The NAHT has called for more consultation and clarity on funding after it surveyed its membership, only a small minority of which is from schools with nursery provision, and received 791 responses in just three days.
Of the respondents who warned that place numbers at their institution could decrease, the majority said they estimated they would accommodate between 25 and 50 per cent fewer children under the policy.
The survey also identified ongoing problems faced by school leaders caused by the 15 hour offer, with almost 60 per cent of respondents claiming their current funding does cover the existing free provision.
Funds from the main school budget were said to be cross-subsidising the early years provision in four out of five heads’ responses, leading to concerns about the viability of future plans.
Russell Hobby, general secretary of the NAHT, said his union supported “the aspiration” of providing good-quality free childcare, but that adequate funding was needed.
He said: “If it is not funded adequately, the outcome could actually be fewer children receiving childcare as a result of this. We need to make sure that, because schools can no longer afford to cross-subsidise, that this is adequately funded both in terms of revenue and capital.

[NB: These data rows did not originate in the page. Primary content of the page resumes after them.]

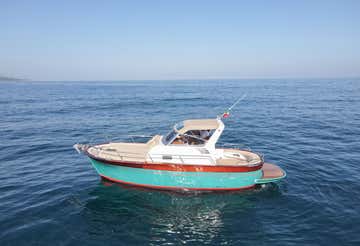 Theboat is an 8-metre-long Sorrentine gozzo equipped with a freshwater shower and toilet.
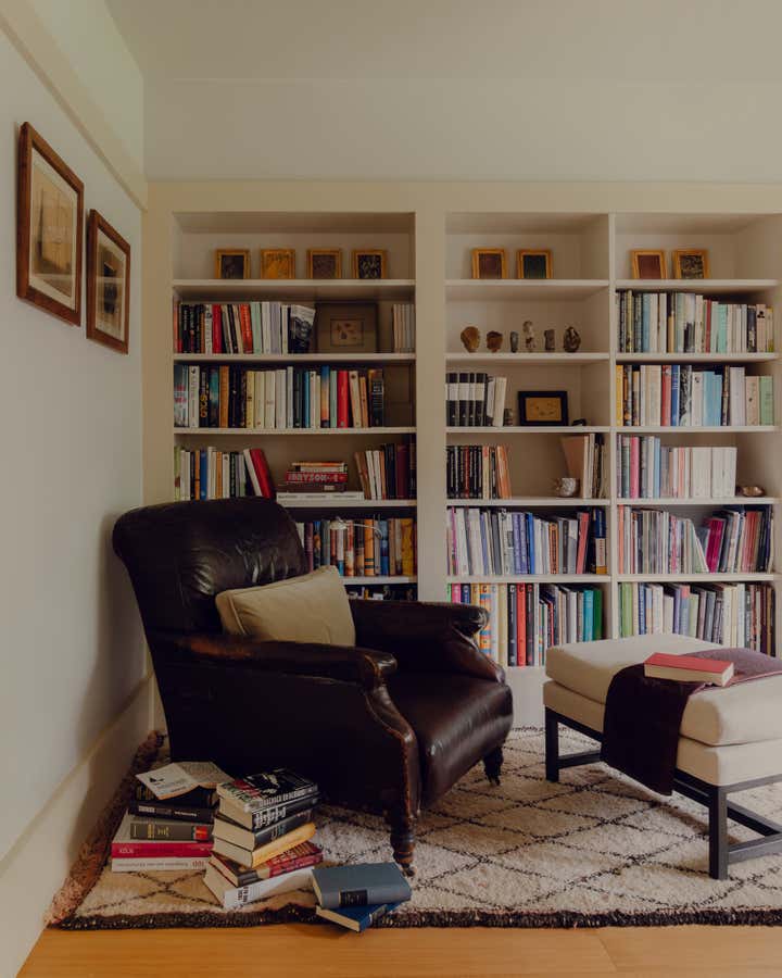 The house is a colourful, crafted and happy melange of styles and furniture enlivened by the thrum of the continual collector - alongside the art, there is Japanese pottery, contemporary ceramics, a collection of indigo textiles, a shelf of flints, a collection of tins.
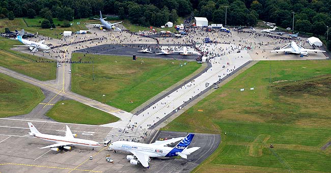On 'Zulu Stand', visitors to German Aerospace Day could view some unusual aircraft. In the foreground, an Airbus A380 faces an Airbus A340 from the Special Air Mission Wing of the Bundeswehr (German armed forces). At the rear and to the left is the Zero-G parabolic aircraft; to the right, the SOFIA airborne observatory SOFIA. (Credit: DLR)
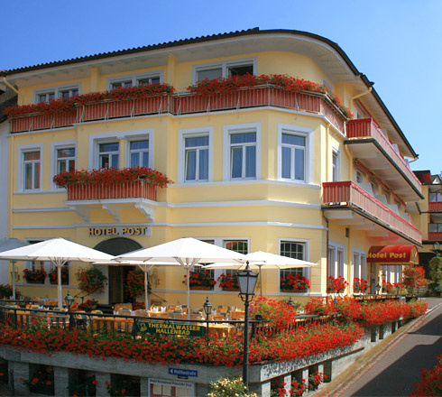 Wohlige Behaglichkeit: Suchen Sie herzliche und familiäre Gastfreundlichkeit? Besonders aufmerksam und liebevoll betreut durch die Gast- geberfamilie Ulrike und Christian Baltes persönlich, genießen Sie eingebettet in den verkehrs- beruhigten Bereich Badenweilers, das Privathotel Post. Ohne mühsame Steigungen finden Sie uns direkt gegenüber der Wellness-Cassiopeia-Therme mit Saunalandschaft und dem Kurpark mit einzigartigen Mammutbäumen. Kostenfreie Parkplätze am Haus. Zwei Aufzüge im Haus, einer bis in die Tiefgarage. Gönnen Sie sich einen angenehmen Aufenthalt in unserem familiär geführten Privathotel Post an der Therme.
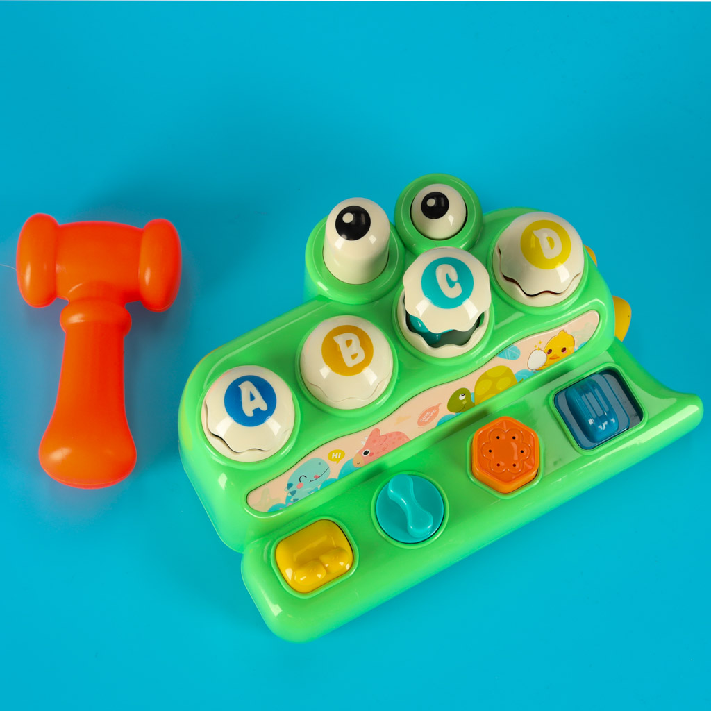 W tej grze zadaniem malucha jest przesunięcie guziczka, co powoduje wyskoczenie jajka, a następnie uderzenie go młotkiem, aby schowało się z powrotem. Dzięki temu dzieci ćwiczą swoje umiejętności motoryczne, a także uczą się cierpliwości i koncentracji.
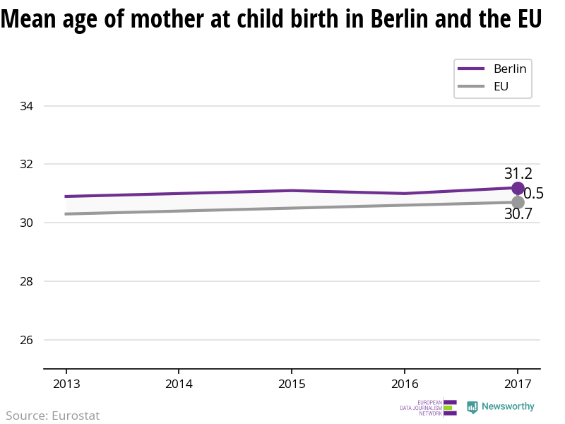 Women in Berlin have children on average when they are 31.2 years old, which is older than most regions in Europe.
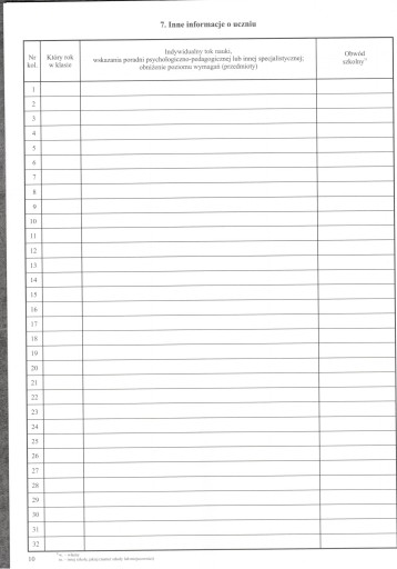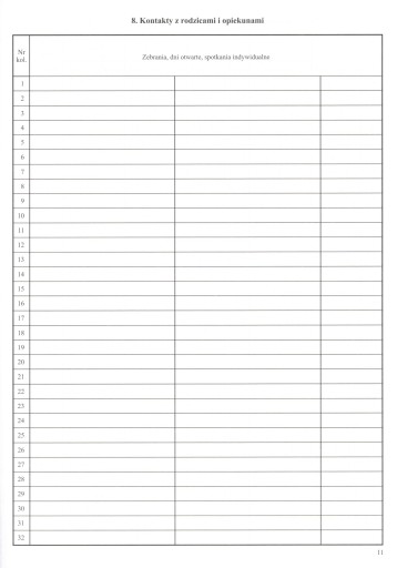 10. Realizacja tygodniowego planu nauczania - miesiąc .....
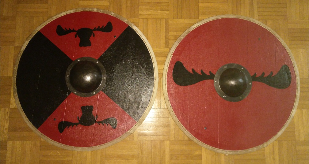 Wir haben nun unsere ersten Schilde gebaut und wollen euch zeigen und erklären, wie wir dabei vorgegangen sind. Auch ein paar Tipps werdet ihr hier finden, die wir angewendet haben, um die Bearbeitung zu vereinfachen. Doch nun als kleiner Vorgeschmack ein Bild der beiden ersten Schilde vom Elch-Clan:
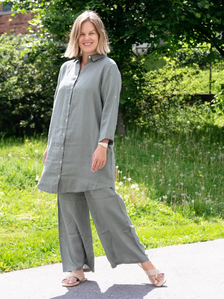 Lys beige og kaki er farger som passer perfekt på for eksempel lin. Sett prikken over i’en med smykker i sølv og enkle sandaler.
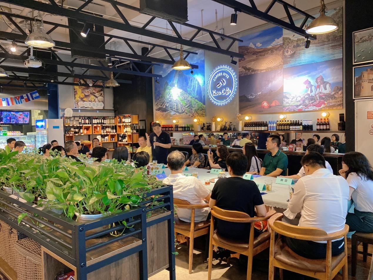 2021年8月6日,免费a片 新一届领导班子走访贸大校友平台“北京友你餐吧”。院长向明友、副书记(主持工作)项洁、副院长江春、副院长金冰、院长助理石小军、办公室主任韩放与20余位校友欢聚一堂,共叙惠园二三事。
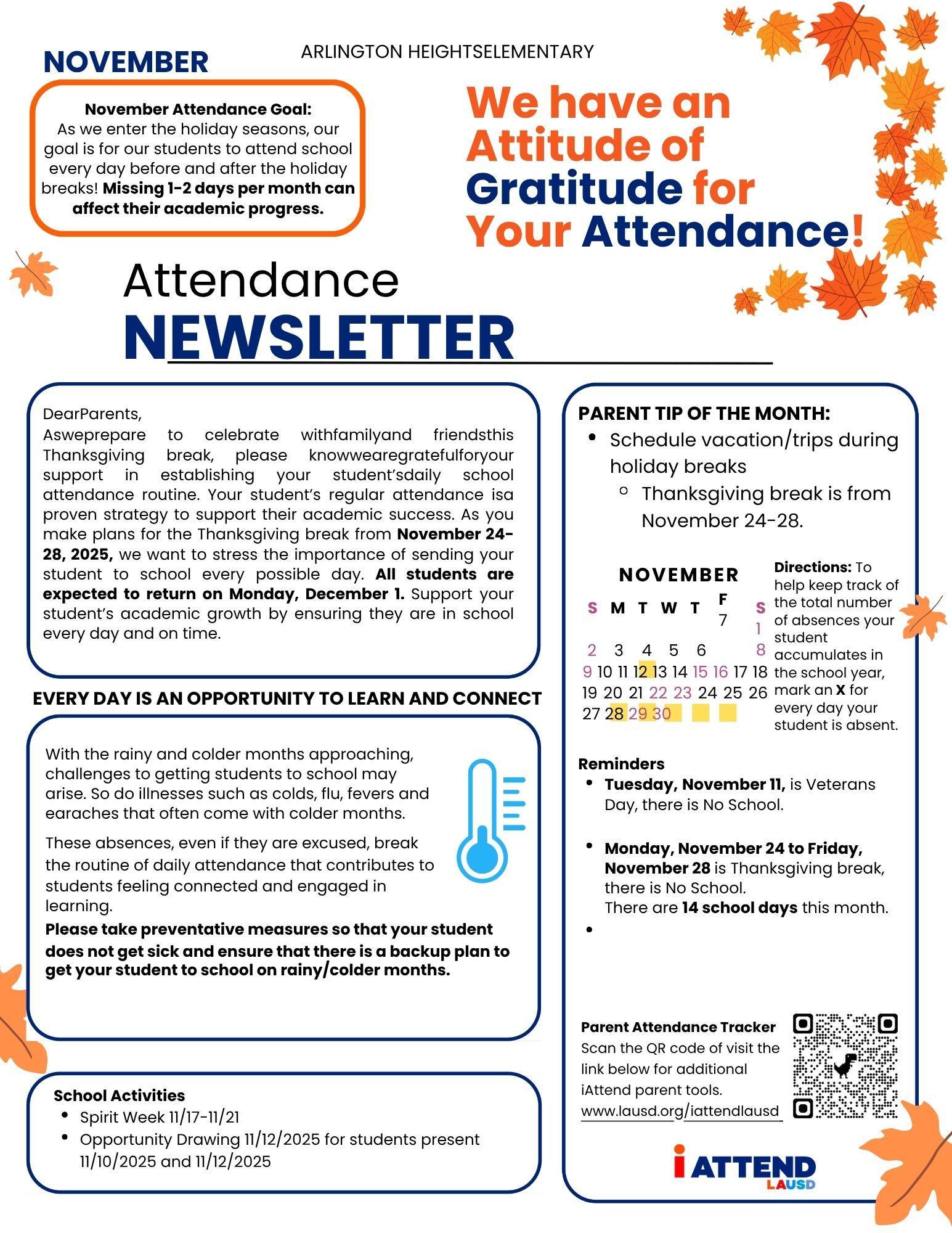 November Attendance Newsletter/ Noviembre noticiero de asistencia

Mr Hobby said many providers were concerned that in order to meet extra costs, they were going to have to “reduce the quality of what they offer, either by increasing the child-to-staff ratios or by employing lower-qualified staff”.
He added: “You can make it cheaper, but actually this isn’t just about getting people back into work and looking after their children, this is also about providing high-quality childcare and early education to families which are often in very disadvantaged circumstances.”
Judith Stott, headteacher of Old Trafford Community Academy, also raised concerns about the fact that children whose parents are not employed would not benefit from the policy.
She said: “One of the things I’ve had to get my head around is that it isn’t an education policy. It is an employment, supporting-families policy, and therefore is not going to reach all children because both parents have to be in employment.
“Over the last few years there has rightfully been a big push on schools to close the gap in terms of achievement for the most deprived children, and those children in many incidences will not be eligible for this particular additional provision.
“We run the risk of spending the year widening the gap and then trying to close it.”
Providing capital for the infrastructure to provide all day childcare is also a potential factor in the policy’s future success.
Anne Lyons, headteacher of St John Fisher Catholic Primary School in Pinner, north London, said: “Many schools run morning and afternoon sessions. If you’re moving from 15 to 30, you’ve got to offer a whole 30 hours of quality childcare and education. It’s not a morning session and afternoon session.
“So therefore there is quite a lot of infrastructure needed and planning to make sure that very young children are getting high-quality provision.”
A Department for Education spokesperson reaffirmed that the government is working closely with the sector to deliver the 30 hours commitment and that “innovative childcare providers” have been asked to step forward for first delivery of the programme in September 2016.
“We have already committed to raising the average hourly rate providers receive, and are also undertaking a review of childcare costs to inform a new rate that is fair for providers and delivers value for money for the taxpayer,” they added.